#### Data provided

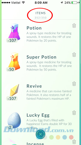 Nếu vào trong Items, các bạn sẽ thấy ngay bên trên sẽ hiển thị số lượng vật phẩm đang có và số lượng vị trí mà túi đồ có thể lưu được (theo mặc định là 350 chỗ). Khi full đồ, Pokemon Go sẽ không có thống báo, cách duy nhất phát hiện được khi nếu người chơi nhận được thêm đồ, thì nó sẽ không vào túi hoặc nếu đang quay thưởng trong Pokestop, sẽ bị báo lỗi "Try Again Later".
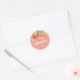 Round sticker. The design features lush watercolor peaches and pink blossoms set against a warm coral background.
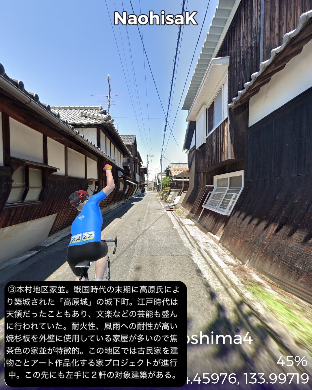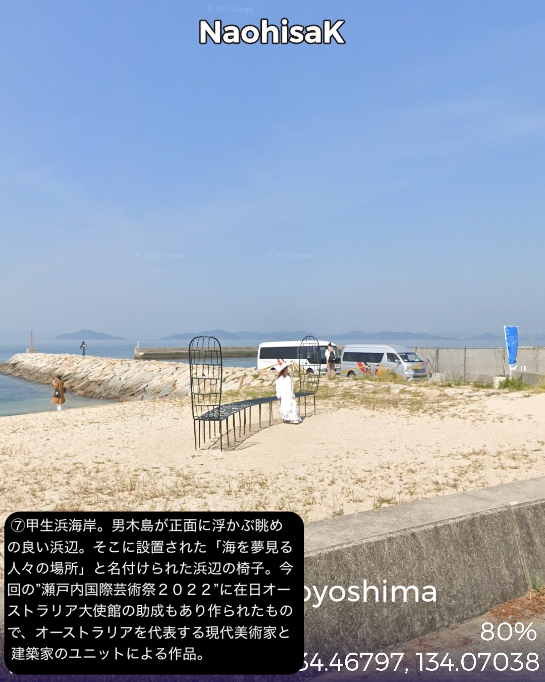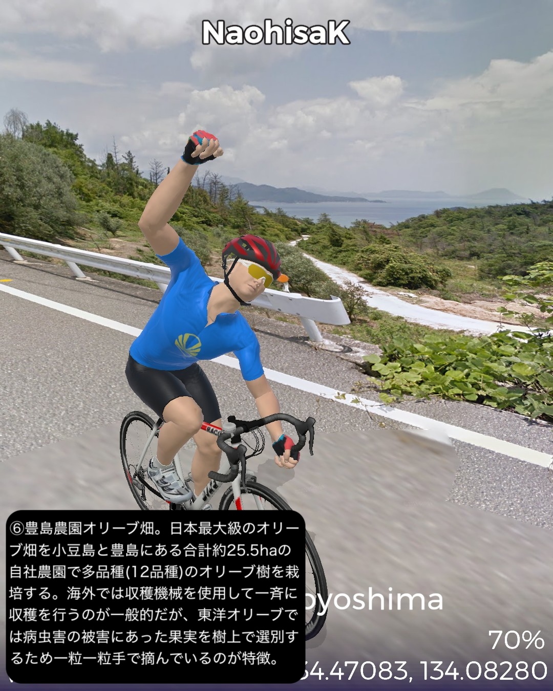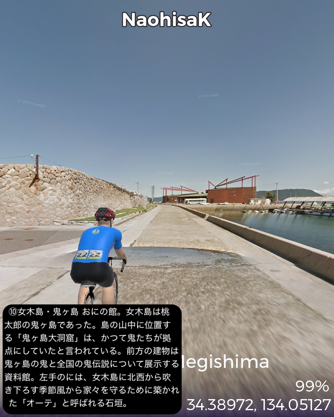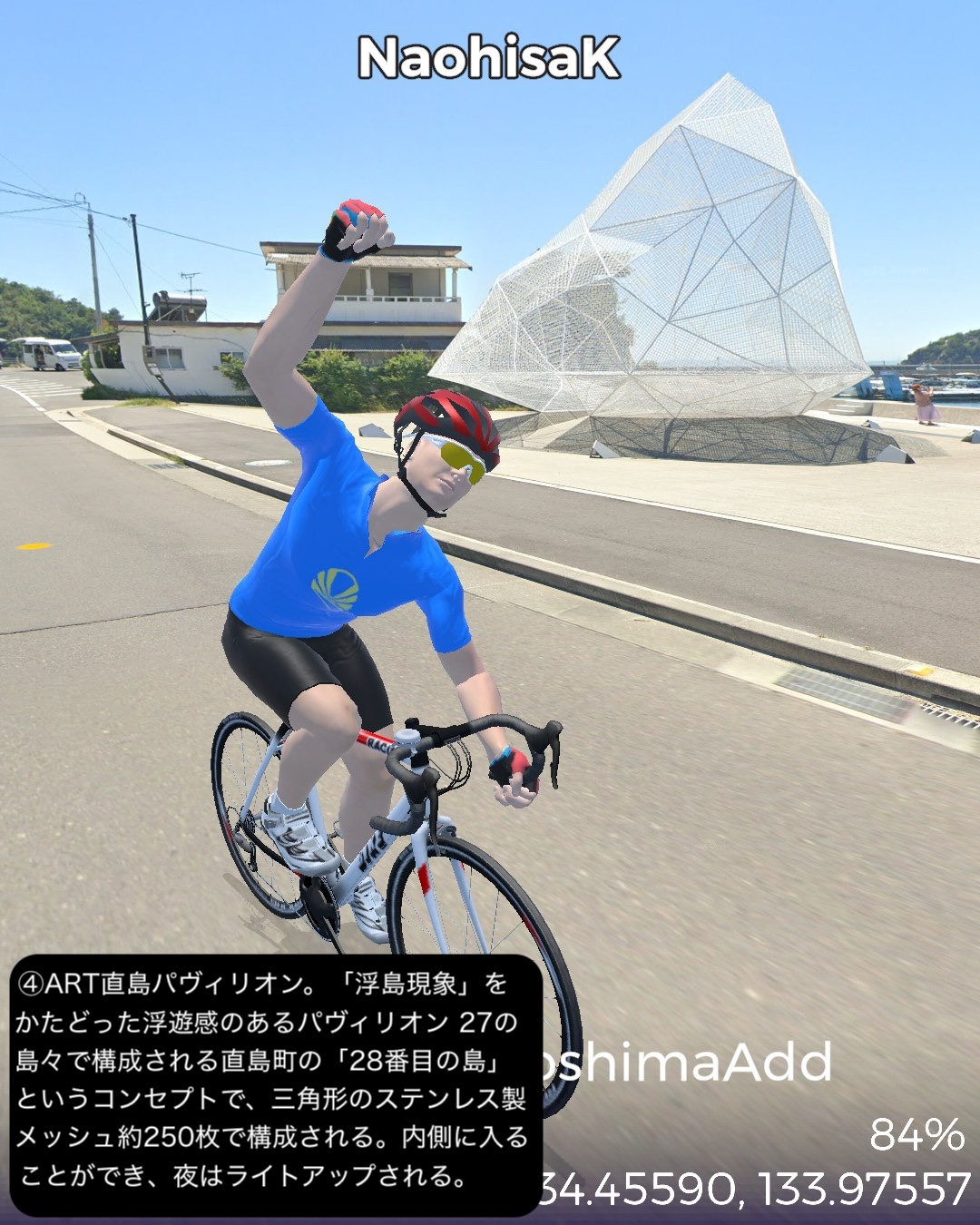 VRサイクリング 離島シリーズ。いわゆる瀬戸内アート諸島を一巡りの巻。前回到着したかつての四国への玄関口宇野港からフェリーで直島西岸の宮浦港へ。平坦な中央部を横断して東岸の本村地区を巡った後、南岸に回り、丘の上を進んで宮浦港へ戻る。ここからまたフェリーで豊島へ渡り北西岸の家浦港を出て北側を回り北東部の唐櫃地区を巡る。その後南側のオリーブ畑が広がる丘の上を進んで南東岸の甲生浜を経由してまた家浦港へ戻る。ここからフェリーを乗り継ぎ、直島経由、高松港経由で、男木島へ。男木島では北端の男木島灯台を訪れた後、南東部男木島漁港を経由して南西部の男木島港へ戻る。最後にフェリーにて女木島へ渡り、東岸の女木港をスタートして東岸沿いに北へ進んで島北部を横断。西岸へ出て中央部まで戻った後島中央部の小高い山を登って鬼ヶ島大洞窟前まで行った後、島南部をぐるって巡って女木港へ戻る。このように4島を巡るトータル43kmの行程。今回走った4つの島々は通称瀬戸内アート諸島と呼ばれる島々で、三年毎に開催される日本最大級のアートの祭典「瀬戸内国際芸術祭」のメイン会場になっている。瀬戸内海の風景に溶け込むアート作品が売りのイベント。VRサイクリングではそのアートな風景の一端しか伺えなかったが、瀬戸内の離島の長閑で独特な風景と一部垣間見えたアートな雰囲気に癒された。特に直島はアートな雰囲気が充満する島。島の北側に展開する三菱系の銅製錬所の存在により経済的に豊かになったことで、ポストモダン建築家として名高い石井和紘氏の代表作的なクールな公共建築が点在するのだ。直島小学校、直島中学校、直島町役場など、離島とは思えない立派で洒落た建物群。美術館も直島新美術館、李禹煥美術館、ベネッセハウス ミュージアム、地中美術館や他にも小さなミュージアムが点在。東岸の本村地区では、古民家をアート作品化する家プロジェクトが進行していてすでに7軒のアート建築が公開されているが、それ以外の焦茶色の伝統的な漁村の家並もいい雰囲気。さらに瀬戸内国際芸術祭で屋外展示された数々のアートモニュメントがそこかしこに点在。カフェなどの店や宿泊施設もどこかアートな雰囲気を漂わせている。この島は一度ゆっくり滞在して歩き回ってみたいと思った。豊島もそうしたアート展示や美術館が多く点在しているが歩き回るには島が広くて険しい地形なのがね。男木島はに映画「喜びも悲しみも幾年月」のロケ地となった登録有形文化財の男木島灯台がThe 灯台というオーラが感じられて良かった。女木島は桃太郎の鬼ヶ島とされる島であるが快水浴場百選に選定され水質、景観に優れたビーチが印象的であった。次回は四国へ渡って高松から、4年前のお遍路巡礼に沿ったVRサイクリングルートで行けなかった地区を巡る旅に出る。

########
#### Data provided

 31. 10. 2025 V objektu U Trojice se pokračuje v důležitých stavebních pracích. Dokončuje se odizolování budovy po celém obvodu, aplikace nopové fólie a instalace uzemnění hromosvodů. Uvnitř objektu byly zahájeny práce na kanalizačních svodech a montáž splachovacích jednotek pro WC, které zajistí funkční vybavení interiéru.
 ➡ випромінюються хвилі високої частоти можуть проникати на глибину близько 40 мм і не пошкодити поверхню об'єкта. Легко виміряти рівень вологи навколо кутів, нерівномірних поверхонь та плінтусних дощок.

########
#### Data provided

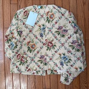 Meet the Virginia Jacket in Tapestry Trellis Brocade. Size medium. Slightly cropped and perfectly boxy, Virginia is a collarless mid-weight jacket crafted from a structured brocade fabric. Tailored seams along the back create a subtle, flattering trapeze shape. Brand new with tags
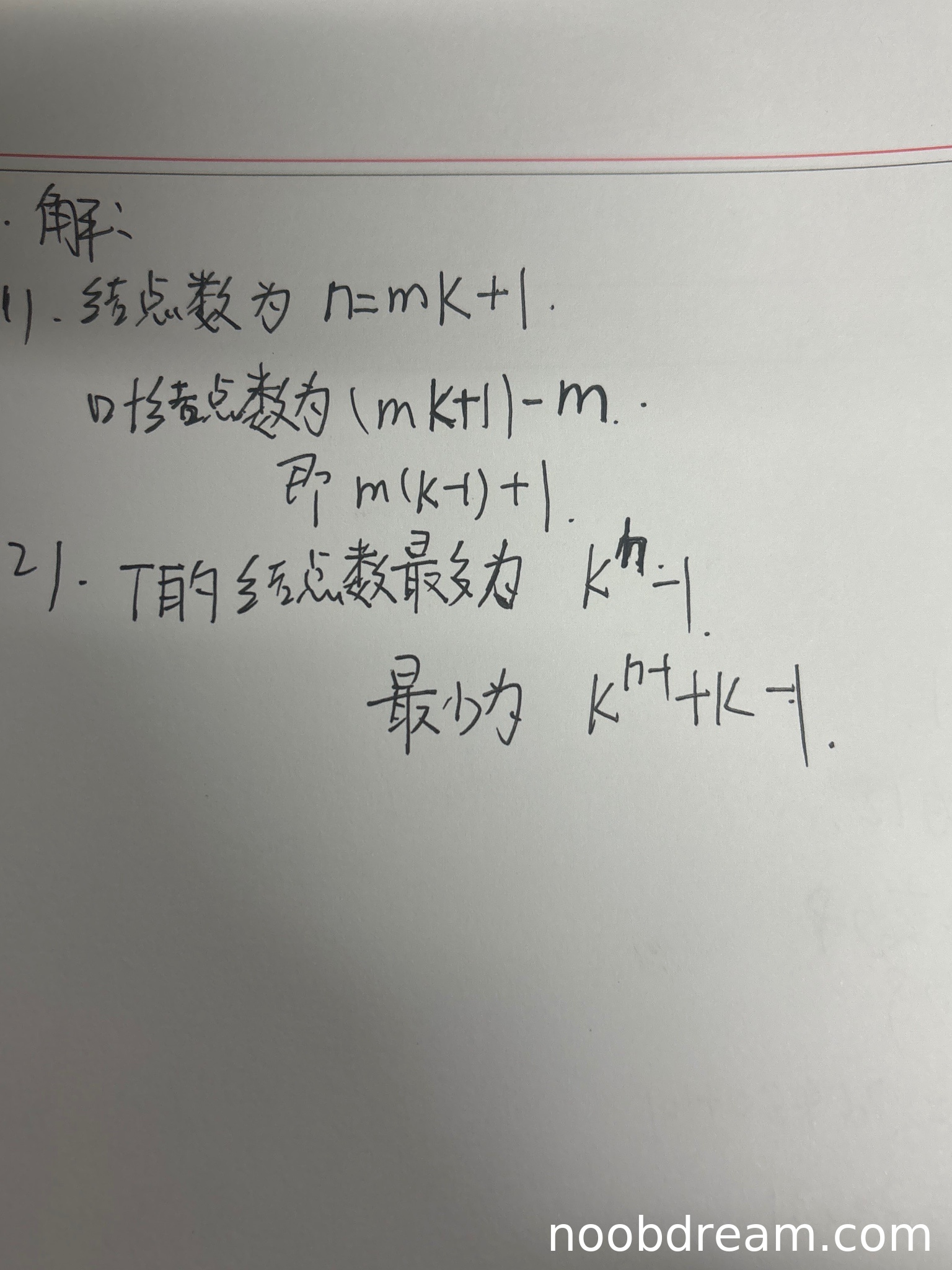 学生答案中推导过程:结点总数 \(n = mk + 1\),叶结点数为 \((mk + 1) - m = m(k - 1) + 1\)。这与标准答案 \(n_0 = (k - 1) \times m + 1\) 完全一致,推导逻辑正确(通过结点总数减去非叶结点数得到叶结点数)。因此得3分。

########

What you have to do -> Within the listing above, print exactly the stretch beginning at the line that contains "Meet the Virginia" and finishing at the line that contains "学生答案中推导过程:结点总数 \(n = mk", ends kept, pictures left out, and nothing more.

Output of the exercise ->
 Meet the Virginia Jacket in Tapestry Trellis Brocade. Size medium. Slightly cropped and perfectly boxy, Virginia is a collarless mid-weight jacket crafted from a structured brocade fabric. Tailored seams along the back create a subtle, flattering trapeze shape. Brand new with tags
 学生答案中推导过程:结点总数 \(n = mk + 1\),叶结点数为 \((mk + 1) - m = m(k - 1) + 1\)。这与标准答案 \(n_0 = (k - 1) \times m + 1\) 完全一致,推导逻辑正确(通过结点总数减去非叶结点数得到叶结点数)。因此得3分。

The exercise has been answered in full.